Taniguchi et Utsumi - L’orme du Caucase   

Casterman/coll. écriture - 2004

 

 

 

     Après Quartier Lointain et la réédition du Journal de mon Père, Casterman nous offre en français une nouvelle œuvre de Taniguchi dans leur collection écriture. Adaptés de nouvelles d’Utsumi, le mangaka nous propose dans l’Orme du Caucase huit magnifiques courts récits qui traitent des thèmes favoris de l’auteur et sont assez proches de ceux développés dans les deux œuvres de Taniguchi citées auparavant .

 

    Ces récits mettent en scène des individus, hommes ou femmes, enfants, adultes ou vieillards, qui se trouvent confrontés à leur passé, à un événement de leur vie, et souvent à des sentiments longtemps refoulés qui finissent par exploser. Que ce soit par la retrouvaille avec un membre de sa famille que l’on n’avait pas vu depuis de nombreuses années (« la petite fille à la poupée », « la vie de mon frère », « le parapluie », « son pays natal ») ou par un autre événement, les personnages sont amenés à prendre un regard rétrospectif sur leur vie et les années écoulées.
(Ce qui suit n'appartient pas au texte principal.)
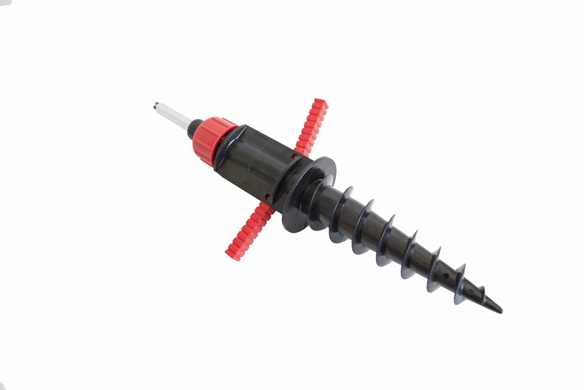 - plastic ground strake – základňa na priskrutkovanie do zeme, trávnika, piesku,

Mais ce regard rétrospectif n’est absolument pas ici un regard nostalgique mais l’occasion, au contraire, pour les personnages, de faire resurgir à la surfaces des émotions enfouies, de s’interroger sur la façon dont ils ont mené leur vie. Ainsi, cela engendre, dans la grande majorité de ces huit nouvelles, un appel aux « larmes différées », qui resurgissent chez certains personnages et se communiquent au lecteur. Taniguchi use tout au long des ces récits de bons sentiments, mais sans jamais sombrer dans la mièvrerie, sans jamais tomber dans la facilité.

 

    Après, l’orme du Caucase nous donne à voir un sublime tableau de la société japonaise, traversé par une « modernité », une évolution constante dans son fonctionnement. En effet, plusieurs de ces récits nous donnent à voir des personnes âgées tiraillées par la demande de leur enfant de venir vivre sous leur toit. Pourtant, bien loin de nous présenter la famille élargie japonaise comme un modèle inaltérable, les auteurs nous montrent au contraire de manière saisissante les changements profonds qui sont en train de s’ancrer durablement dans les mentalités. Ainsi, dans « la vie de mon frère », l’un des personnages, âgé de 69 ans, est parti depuis plusieurs années de la maison de son fils, refusant d’être un fardeau et de vivre sous un toit commun, et préférant travailler. Pour autant, on peut remarquer que le choix semble se faire entre vivre tranquillement une retraite dans la maison de son fils, ou alors continuer à travailler afin de vivre seul, et à aucun moment, le personnage ne semble envisager la possibilité de vivre seul à la retraite.

 

    L’orme du Caucase montre une nouvelle fois la preuve du talent de Jirô Taniguchi, capable comme quasiment aucun autre auteur d’émouvoir ses lecteurs en si peu de pages, en rendant parfaitement sensible le temps qui passe. A travers des personnages remplis d’humilité,  des histoires touchantes, le mangaka nous offre encore une œuvre absolument indispensable.